I am wanting to create a menu that will list all the log files in a specific directory such as /apps/logs.
So it would be something like this:
#!/bin/ksh
print 'Select The Required Log File'
PS3='log? '
select choice in <this is to contain a list of files that are in a directory that would be populated using find /apps/logs>
If it means that a user should be presented with a menu that lists all log file from /apps/logs and then he wants to view 'em selectively then I think we could:-
1) find /apps/logs -type f
2) Number the files from find's output and present the user
3) At the time they are displayed populate them in an array
4) display user to enter choice and pull that choice from array.

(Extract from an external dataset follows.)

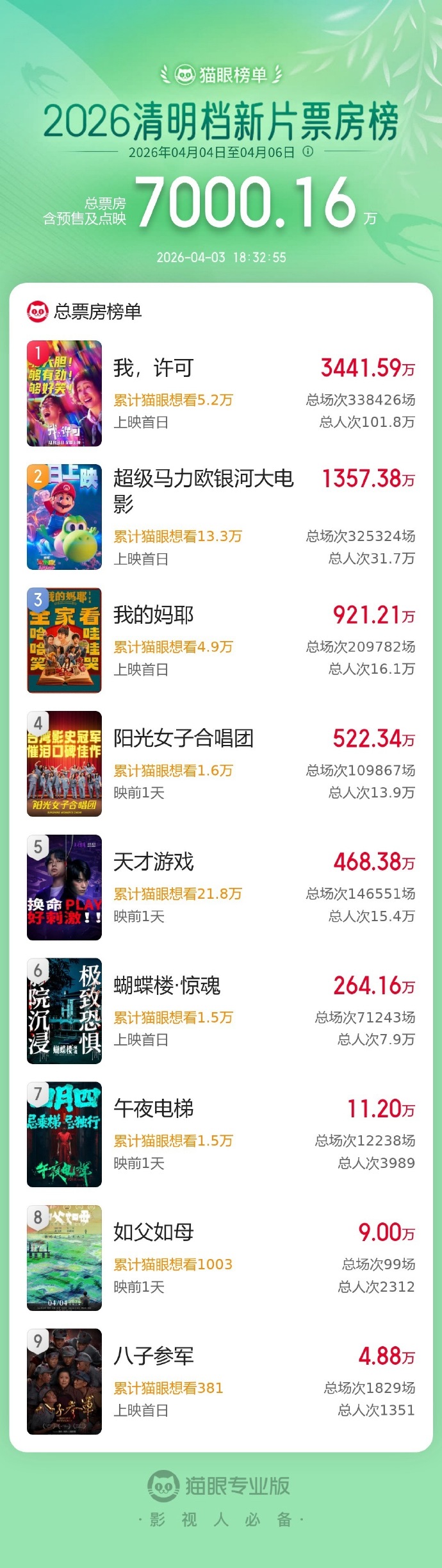 据猫眼专业版数据,截至4月3日18时32分,2026年清明档新片预售总票房破7000万,《我,许可》《超级马力欧银河大电影》《我的妈耶》暂列清明档新片预售票房榜前三位。

So it would be something like this in ksh ( I havenot tried it..chk for syntax errors)
------------------------------------------------------
#!/bin/ksh
logcnt=0;
for logfile in `find /apps/logs -type f `
do
logarr[$logcnt]=$logfile
echo "$logcnt : $logfile"
((logcnt=$logcnt+1))
done
echo "Enter ur choice to view :\c"
read choice
cat "`cat ${logarr[$choice]}`"
-------------------------------------------------------------------
I havenot provided any kind of locking facility here to handle errors. It 's just an idea
Ygor,
Thanks for the info. It is almost what I am looking for.
I am needing a menu with some dynamic items from find and other static items.
$DYNAMIC_ITEMS is where i will use my find, etc. For now i just set it.
The $DYNAMIC_ITEMS will be run in a similar fashion but the others will need to be run differently.
I was trying to use select choice and case and for loop.
1. This is with you code and the menu works.
Which produces :
The problem is that ALL items are run the same way, in this case $ECHO $CHOICE.
Here is my manual method:
Everything with exception of Configuration, ALL, MENU,and Quit should be dynamically created.
I also can't get your code to work inside of a case statement. Any help would be appriciated!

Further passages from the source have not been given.